**Supplied material**

Start of Block

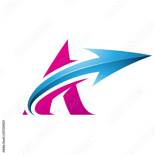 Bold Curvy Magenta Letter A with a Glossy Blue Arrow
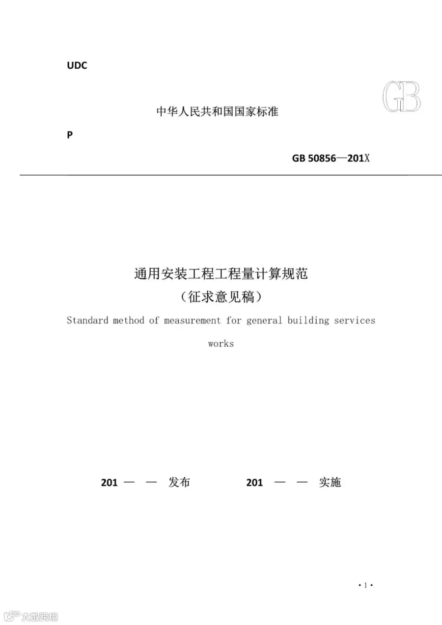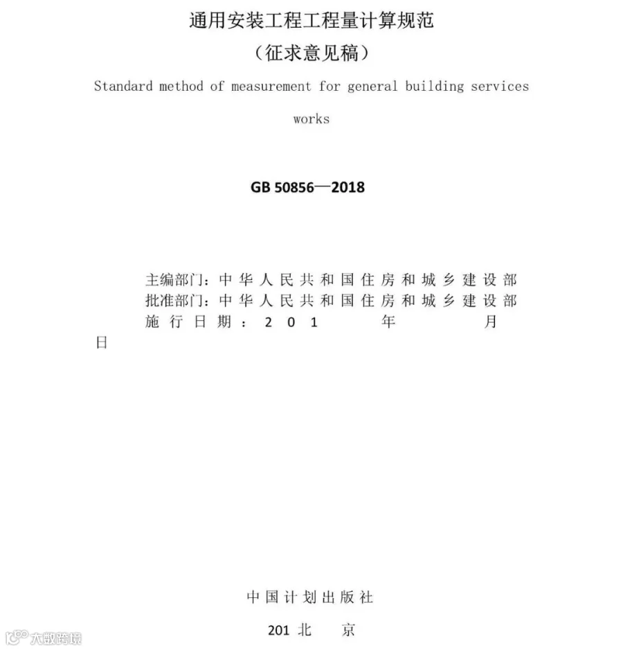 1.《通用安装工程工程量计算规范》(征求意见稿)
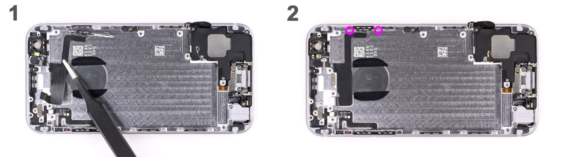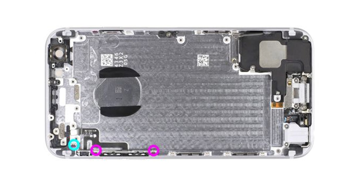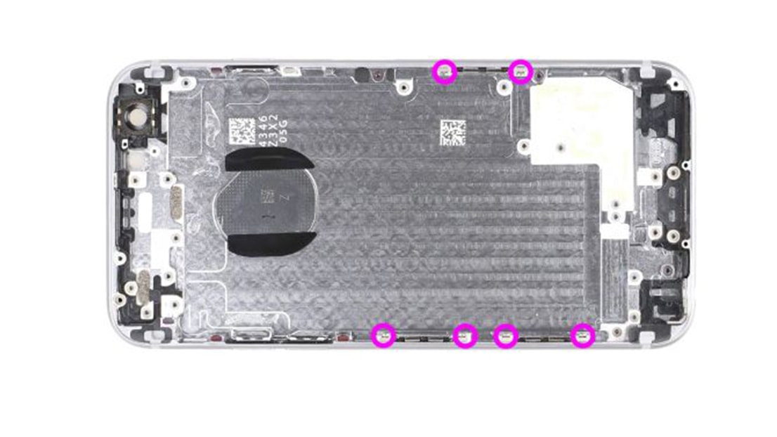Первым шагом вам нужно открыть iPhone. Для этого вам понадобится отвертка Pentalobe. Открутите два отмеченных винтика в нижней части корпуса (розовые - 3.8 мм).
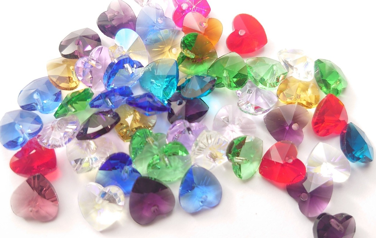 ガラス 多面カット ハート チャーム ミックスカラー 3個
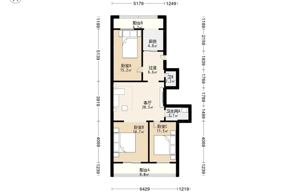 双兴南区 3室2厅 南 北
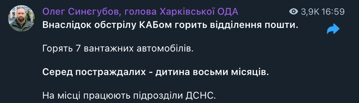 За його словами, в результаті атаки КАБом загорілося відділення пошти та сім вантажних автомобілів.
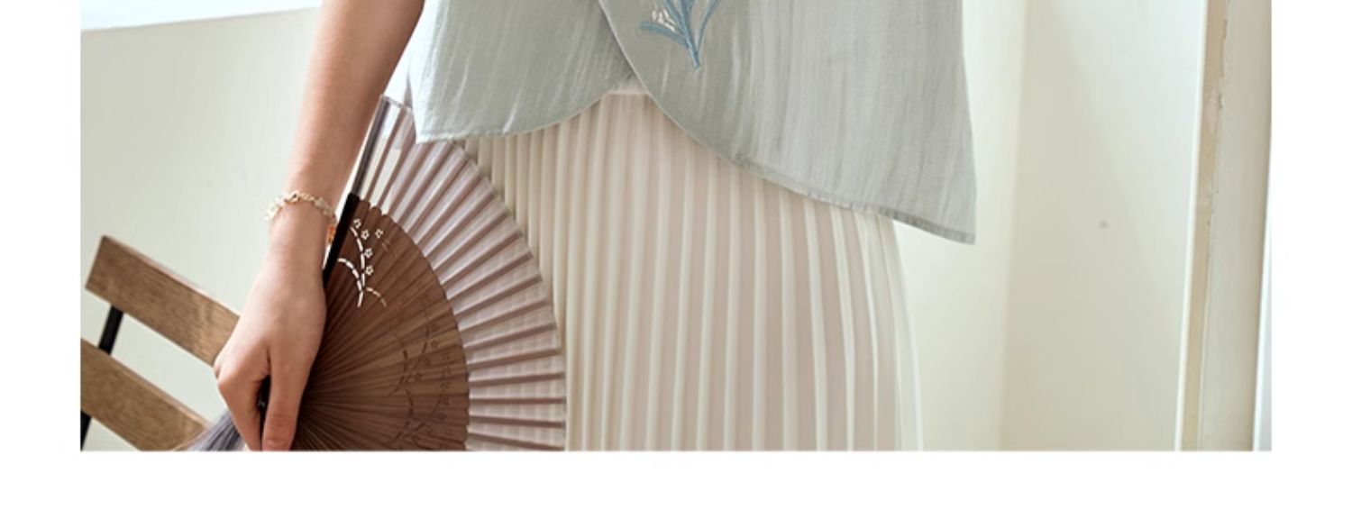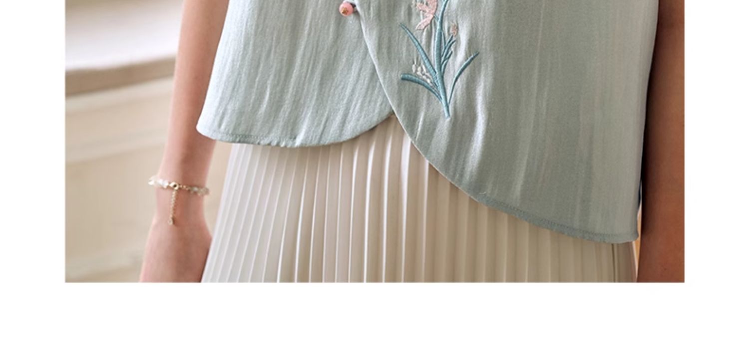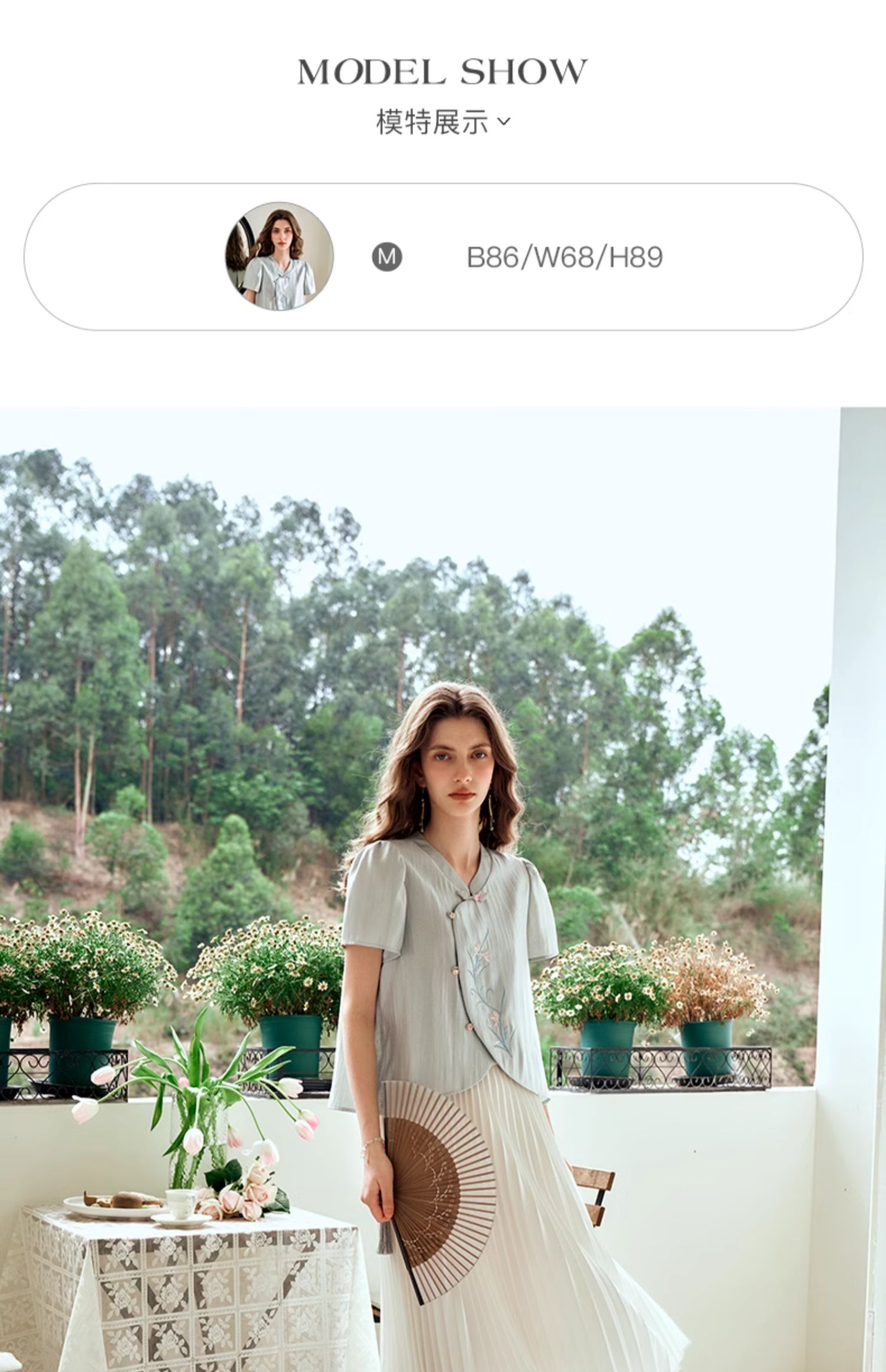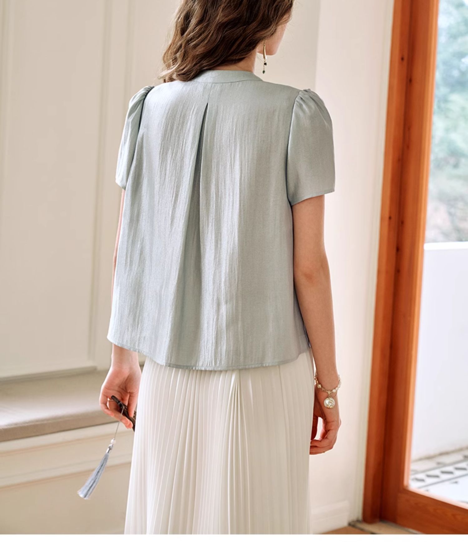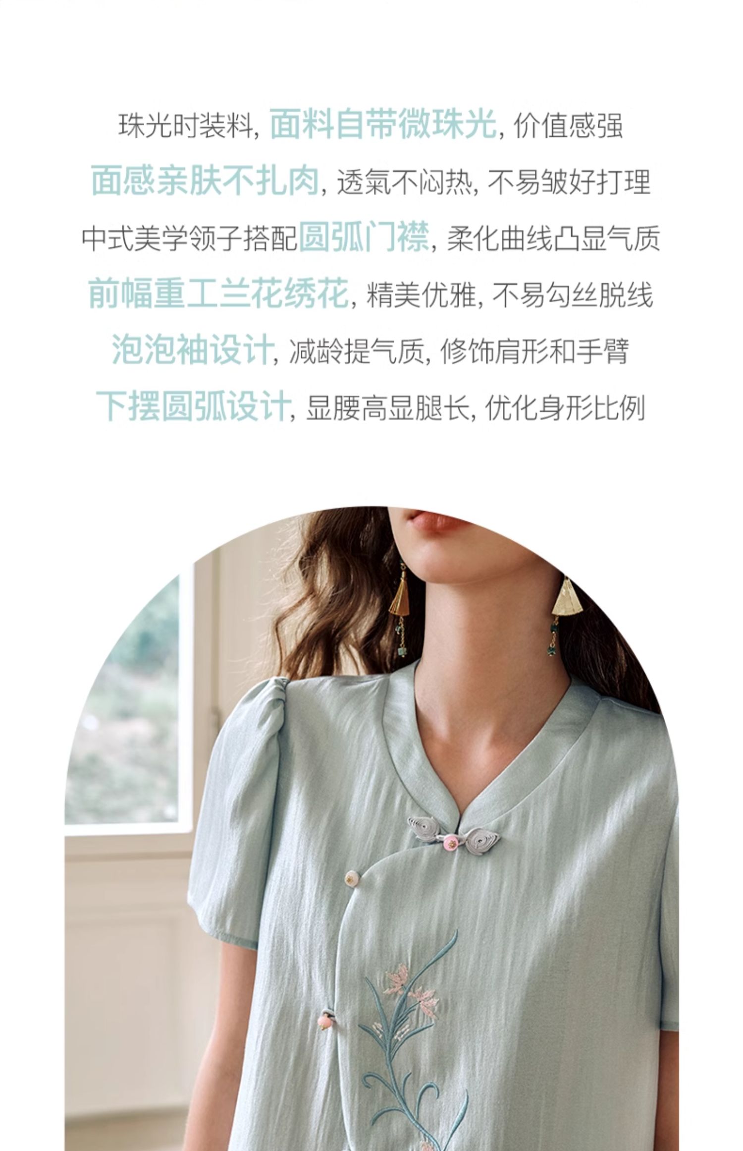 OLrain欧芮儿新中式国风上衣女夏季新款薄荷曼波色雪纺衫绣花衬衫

End of Block
Start of Block

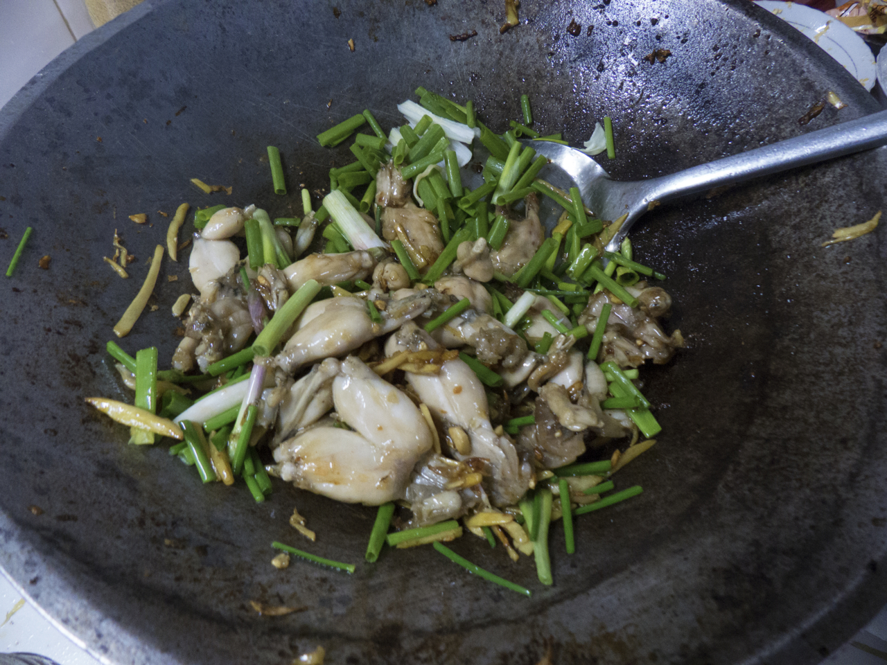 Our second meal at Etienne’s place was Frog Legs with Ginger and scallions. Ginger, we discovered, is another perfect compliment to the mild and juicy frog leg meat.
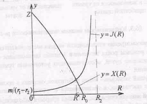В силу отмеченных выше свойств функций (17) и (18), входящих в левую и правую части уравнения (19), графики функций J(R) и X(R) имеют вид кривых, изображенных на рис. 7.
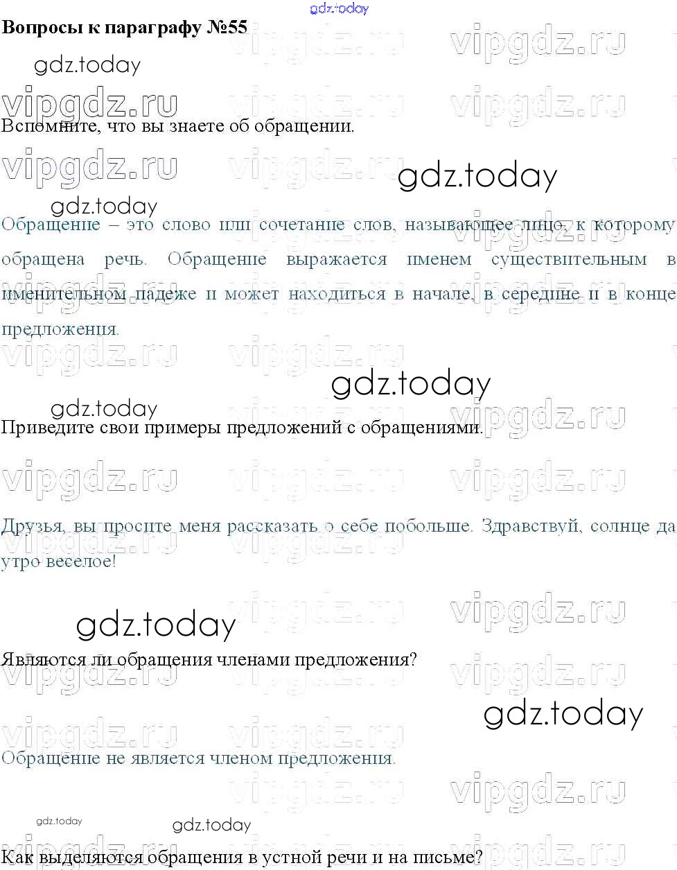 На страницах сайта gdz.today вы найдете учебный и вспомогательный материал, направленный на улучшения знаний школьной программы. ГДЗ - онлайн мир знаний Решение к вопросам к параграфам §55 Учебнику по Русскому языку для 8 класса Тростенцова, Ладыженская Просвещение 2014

End of Block

Within the material above, only the stretch from the line holding "За його словами, в" through the line holding "OLrain欧芮儿新中式国风上衣女夏季新款薄荷曼波色雪纺衫绣花衬衫" is to be restated exactly. Pictures are dropped.

 За його словами, в результаті атаки КАБом загорілося відділення пошти та сім вантажних автомобілів.
 OLrain欧芮儿新中式国风上衣女夏季新款薄荷曼波色雪纺衫绣花衬衫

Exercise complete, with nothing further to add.